While the VanVan has earned a reputation as a robust 125, the miles and conditions were harsh on the bike, but Rick would still recommend it as a fun, retro and reliable bike.
“The headlight finally rattled loose in Mongolia after days and days riding the dried ruts of the trucks that cross the desert, but I managed to repair it. And apart from one puncture, the bike behaved impeccably, even after falling off 11 times.”
To make it to Mongolia, Rick made a few modifications to the VanVan, before donating it to charity on arrival and flying home.

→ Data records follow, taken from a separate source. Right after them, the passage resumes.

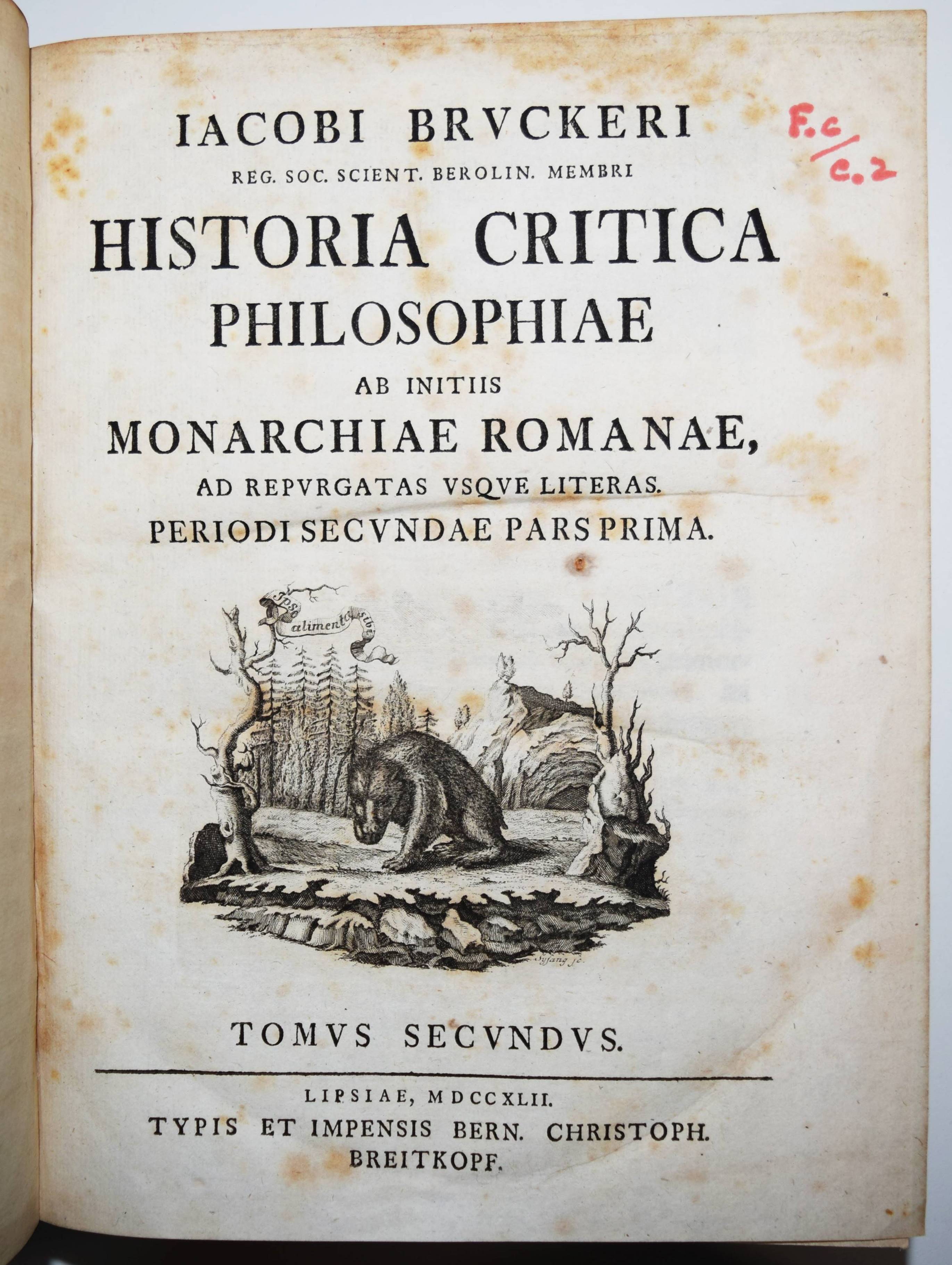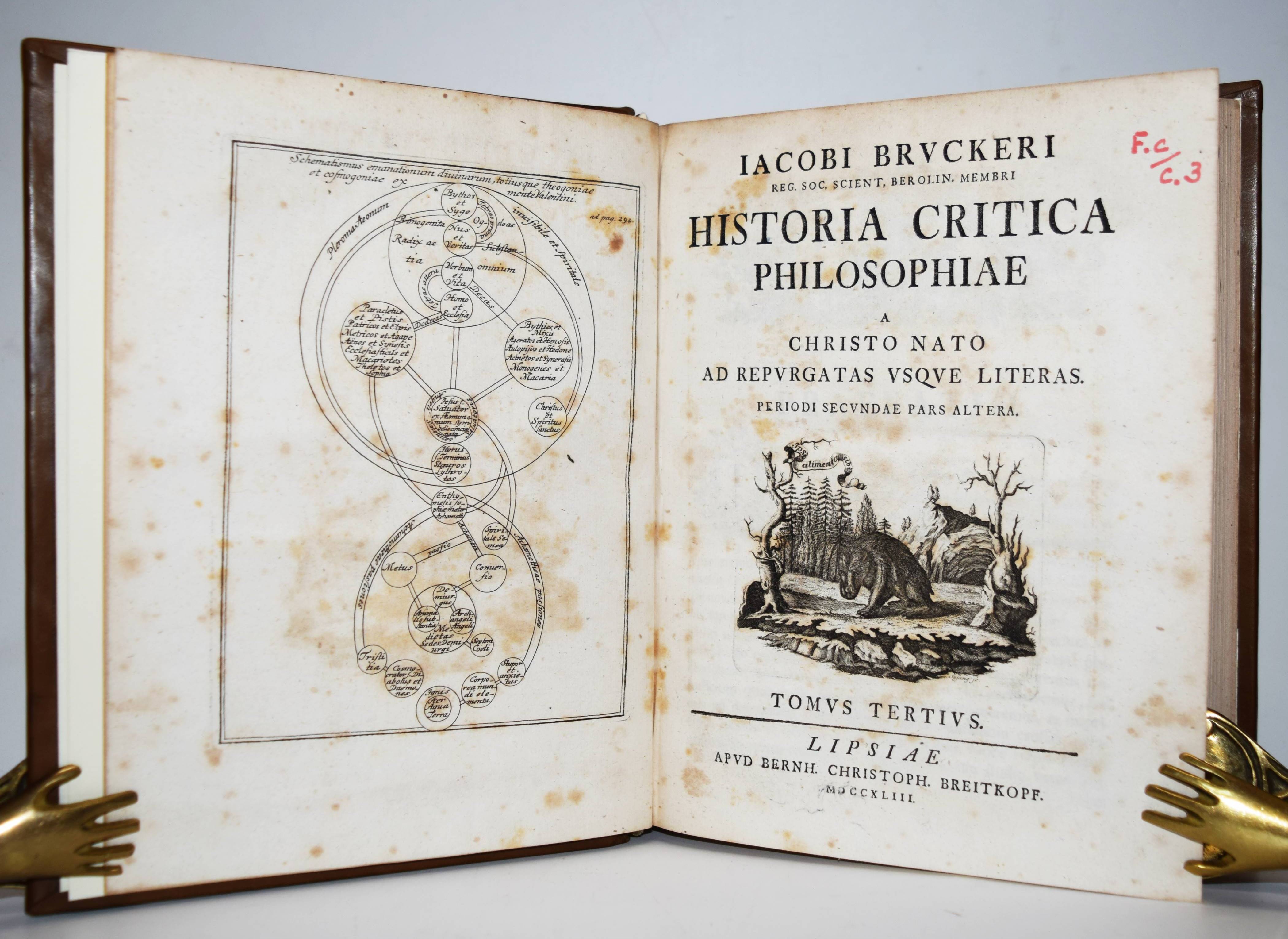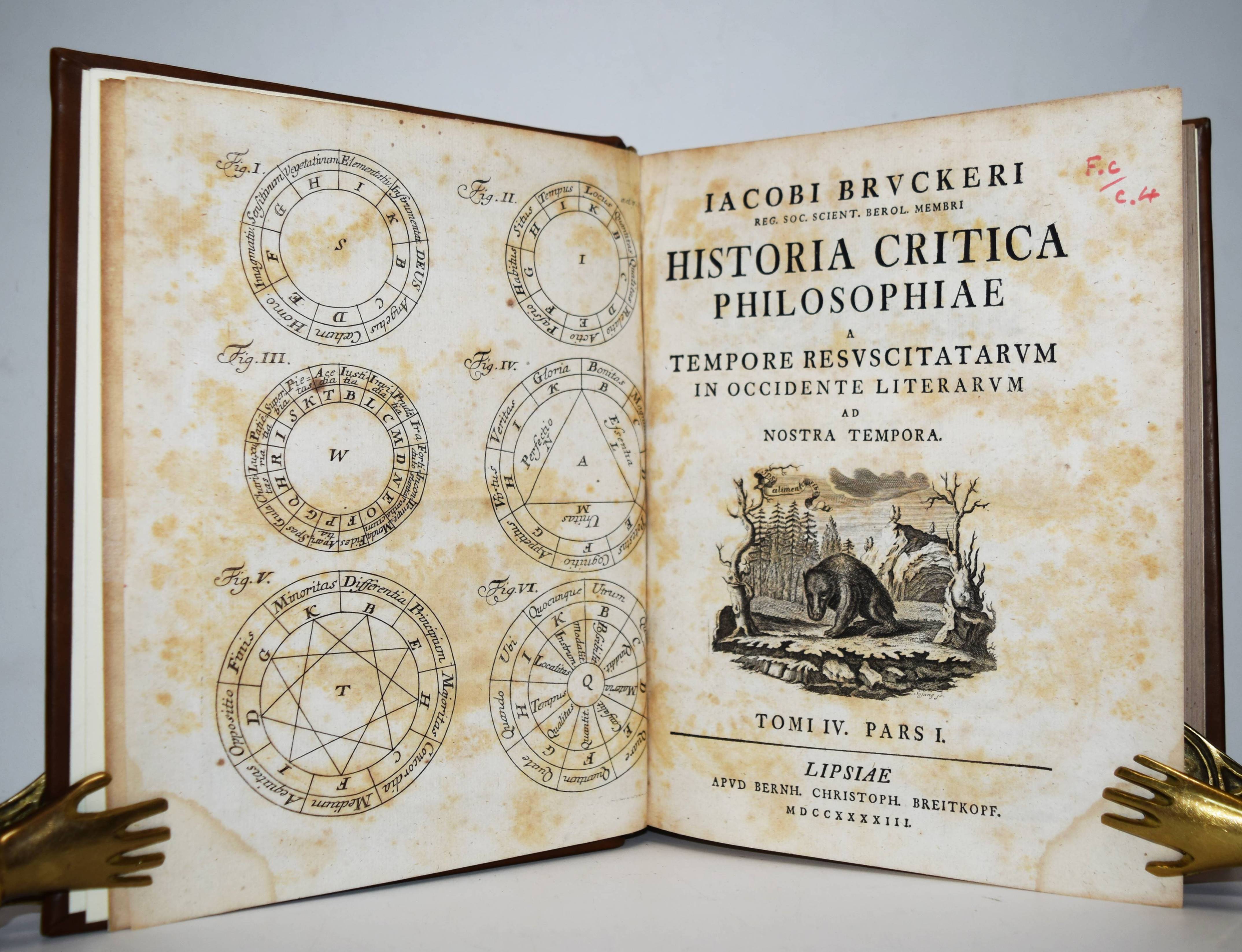 Brucker, (Johann) Jakob. Historia critica philosophiae. 4 in 5 Bänden. Leipzig, Bernhardf Christoph Breitkopf 1742-1744. Gr.-8° (24 x 18,5 cm.). [7] Bl., 1357, (35) S.; [4] Bl., 1092, (31) S.; [3] Bl., 916, (28) S.; [3] Bl., 789, (27) S.; [4] Bl., 939, (29) S. mit 5 gestoch. Titelvignetten, 1 gestoch. Portrait in Band I und 4 Kupfertafeln. Moderne Kalbslederbände mit goldgepr. Rückentitel und Rücken- und Deckelvergoldung. ADB III, 397. Brunet I, 1284. Graesse I, 550. NDB II, 647. VD18 80305083, 80305091, 90044789 u. 80305121. – Erste Ausgabe. 1757 erschien noch ein Nachtragsband bei Weidmann in Leipzig. Eine zweite Auflage erschien 1766-1767 in 6 Bänden. – I. A mundi incunabulis ad nostram usque aetatem deducta. – II. Ab initiis monarchiae romanae, ad repurgatas usque literas periodi secundae pars prima. – III. A Christo nato ad repurgatas usque literas. Periodi secundae pars altera. – IV, 1 und 2. Tempore resuscitatarum in occidente litteratum ad nostra tempora. – „Der eigentliche Begründer der Geschichte der Philosophie in der Neuzeit“ (G. F. v. Hertling in ADB). – J. J. Brucker (1696-1770) „studierte in Jena bei Johann Franz Buddeus Theologie und wurde von seinem Freund Carl Friedrich Buddeus zu seiner Geschichte der Philosophie angeregt. Als Lateinschuldirektor und Geistlicher in Kaufbeuren schrieb er das umfassende Werk, in dem Neuplatonismus und Scholastik abgelehnt, Sokrates, Aristoteles, Melanchthon und Buddeus hoch und die christliche Religion als die allervortrefflichste Philosophie gewertet werden, um dem Leser Gedanken der klügsten Menschen zu vermitteln, ihn zur Kritik und durch Tugendregeln zur Willensverbesserung zu leiten und so dem Reiche Gottes zu dienen. Wie als Gelehrter, so wirkte dieser erste deutsche Philosophiehistoriker auch als dem Pietismus nahestehender, toleranter Geistlicher und Jugenderzieher vorbildlich, seit 1744 bis zu seinem Tode in Augsburg“ (G. Kahl-Fuhrtmann in NDB). – Britisches Wappen-Exlibris von 1783 in allen Bänden, stellenweise etwas braunfleckig und mit Feuchtigkeitsspuren, sehr gutes dekorativ gebundenes Exemplar mit allen Kupfertafeln.
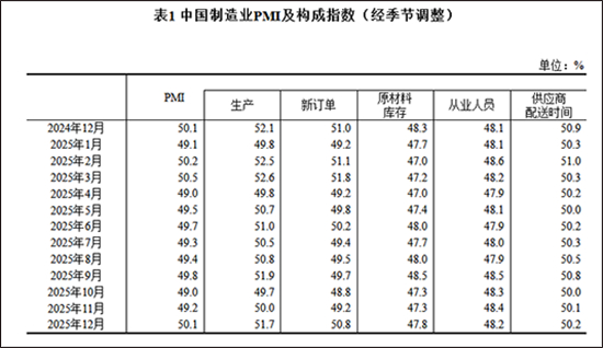 国家统计局网站消息,2025年12月中国采购经理指数(PMI)运行情况正式发布。其中,制造业PMI为50.1%,较上月回升0.9个百分点,重返扩张区间。
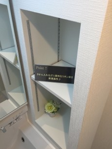 洗面台の右手には、リネンの収納に嬉しい棚も設置されています♫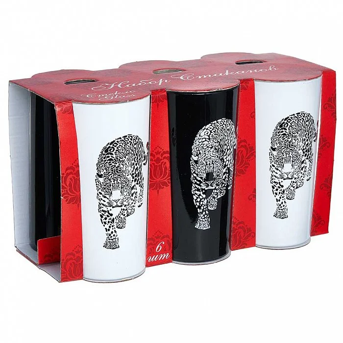 Набор стаканов 6 шт/230 мл GLASSTAR Леопард 1256/DPP черный/белый

“I got quite attached to the VanVan. Geoff and Owen at my local Suzuki dealership, Bikers Jersey, gave me a great deal on spare parts and also let me spend a day with their mechanic who showed me how to make emergency repairs, should I need any. A friend soldered USB plugs to my handlebars so I could charge electrical items and I had heavy duty chain and sprockets fitted. The art teacher at the school designed and made holsters for my four, one and a half litre fuel bottles. I stuck the big windscreen on it and I was off.
“The plan was, once I made it to Ulaanbaatar, to hand the bike to a local charity there to be auctioned off. There was a fair amount of interest when I handed it over, but I didn’t stay to find how much money it raised. But I have this romantic vision of somebody riding around Mongolia herding their animals on it.”